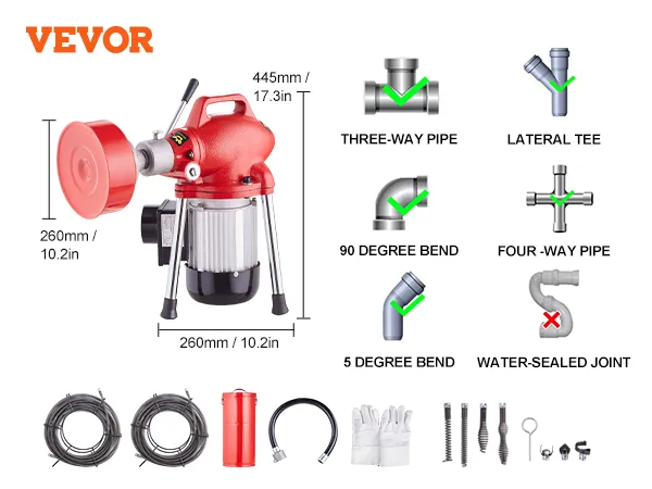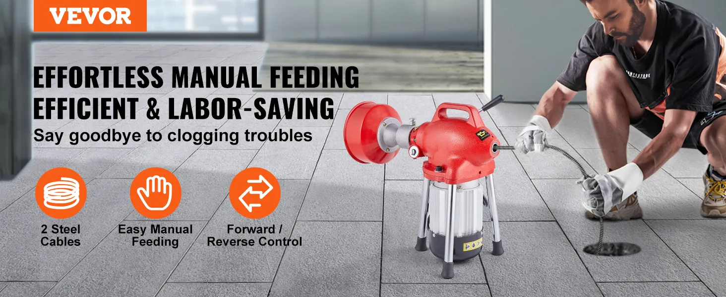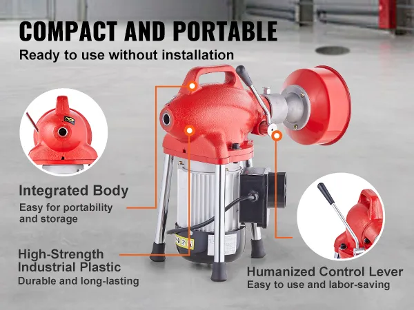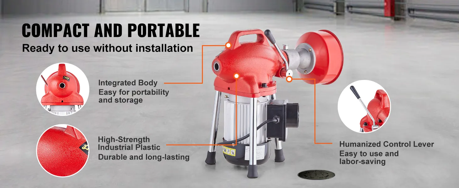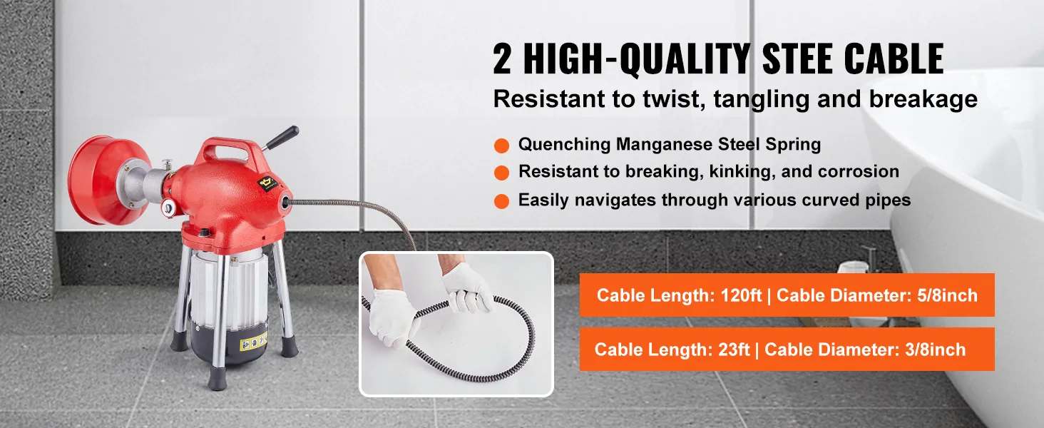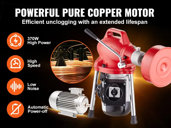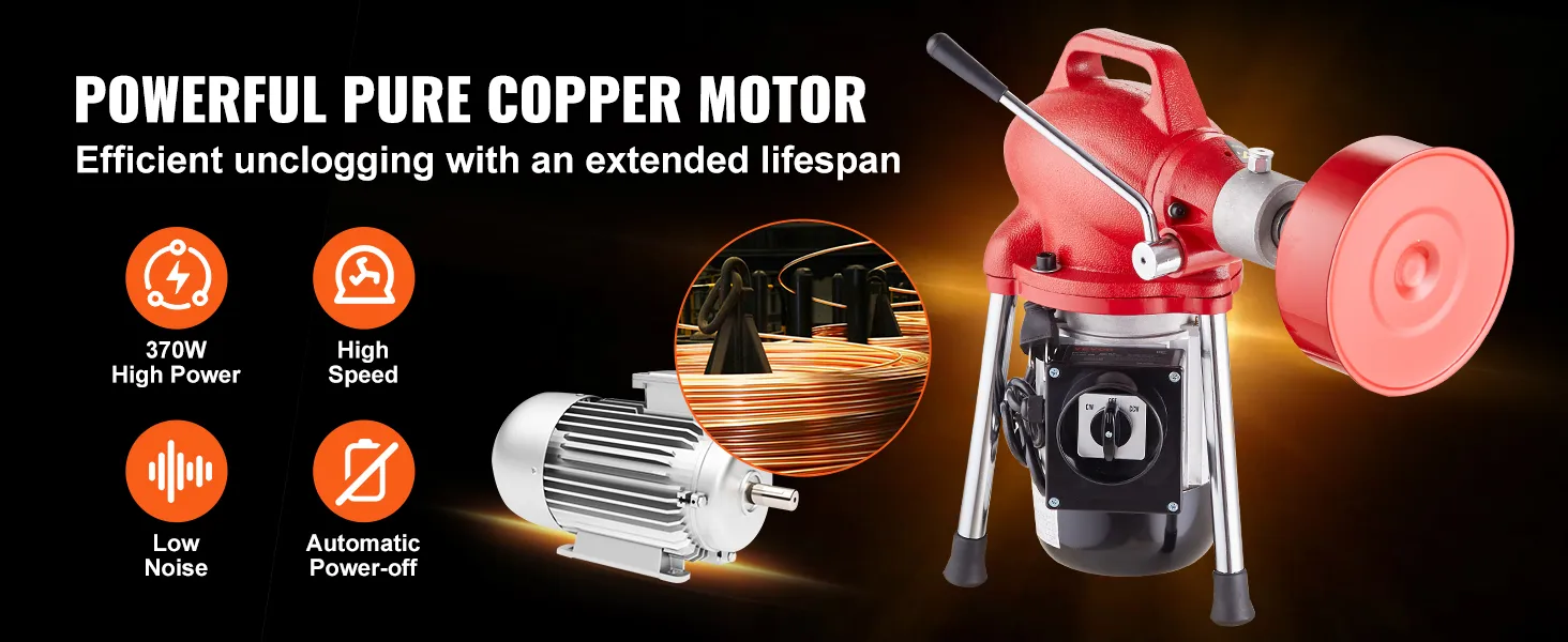Onze pijpreinigingskabel is uitgerust met een motor van 370 W en werkt op hoge snelheid. De koperdraadmotor zorgt voor uitstekende geleiding, minimale weerstand en uitstekende efficiëntie, waardoor hardnekkige verstoppingen gemakkelijk worden geëlimineerd.
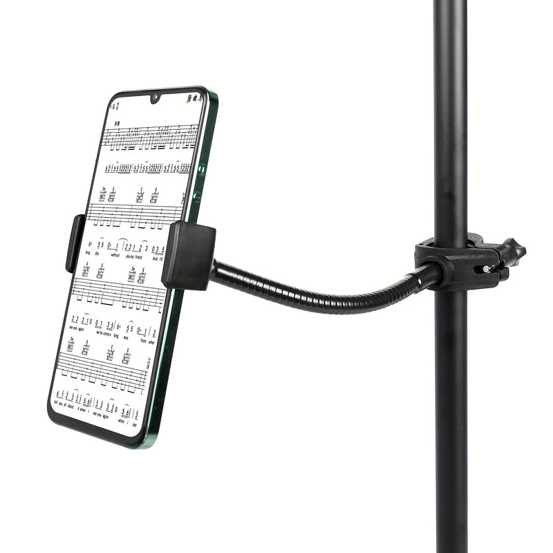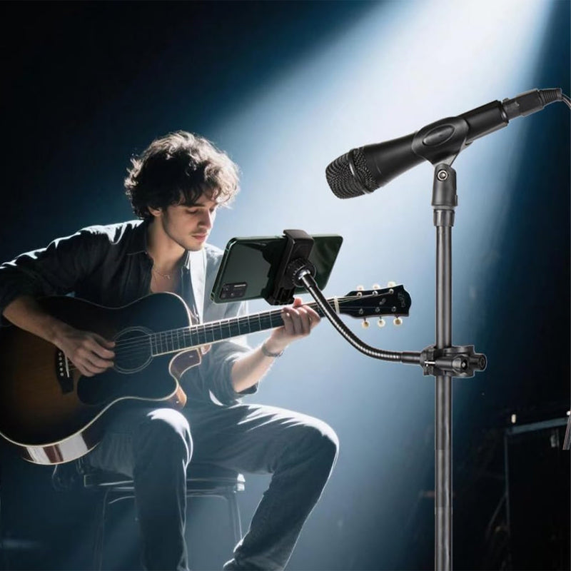 Un soporte para teléfono móvil para micrófono, hecho de material PP; la cabeza de bola metálica puede rotar 360°, con un cuello flexible que se puede ajustar a cualquier ángulo; el abrazadera en forma de O es más estable y más ajustado; dos colectores de
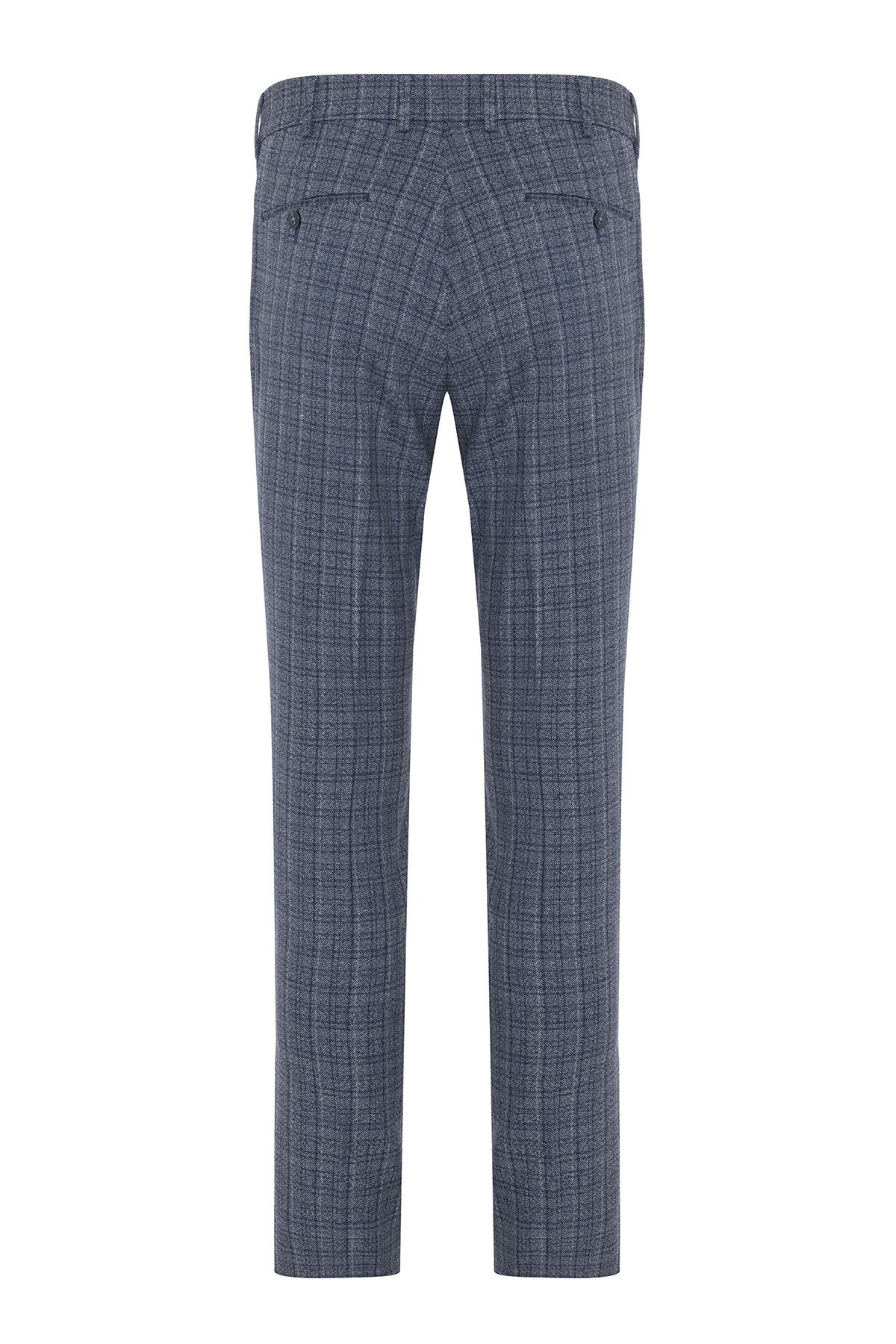 Gri ve lacivertin iç içe geçtiği ekose (kareli) deseni, pantolona derinlik ve dinamizm katarak sade üst giyimlerle dahi şık bir kontrast yaratır.

TASK DESCRIPTION:
Restate the whole listing above exactly, except for its images.

SOLUTION FOR THIS EXERCISE:
Onze pijpreinigingskabel is uitgerust met een motor van 370 W en werkt op hoge snelheid. De koperdraadmotor zorgt voor uitstekende geleiding, minimale weerstand en uitstekende efficiëntie, waardoor hardnekkige verstoppingen gemakkelijk worden geëlimineerd.
 Un soporte para teléfono móvil para micrófono, hecho de material PP; la cabeza de bola metálica puede rotar 360°, con un cuello flexible que se puede ajustar a cualquier ángulo; el abrazadera en forma de O es más estable y más ajustado; dos colectores de
 Gri ve lacivertin iç içe geçtiği ekose (kareli) deseni, pantolona derinlik ve dinamizm katarak sade üst giyimlerle dahi şık bir kontrast yaratır.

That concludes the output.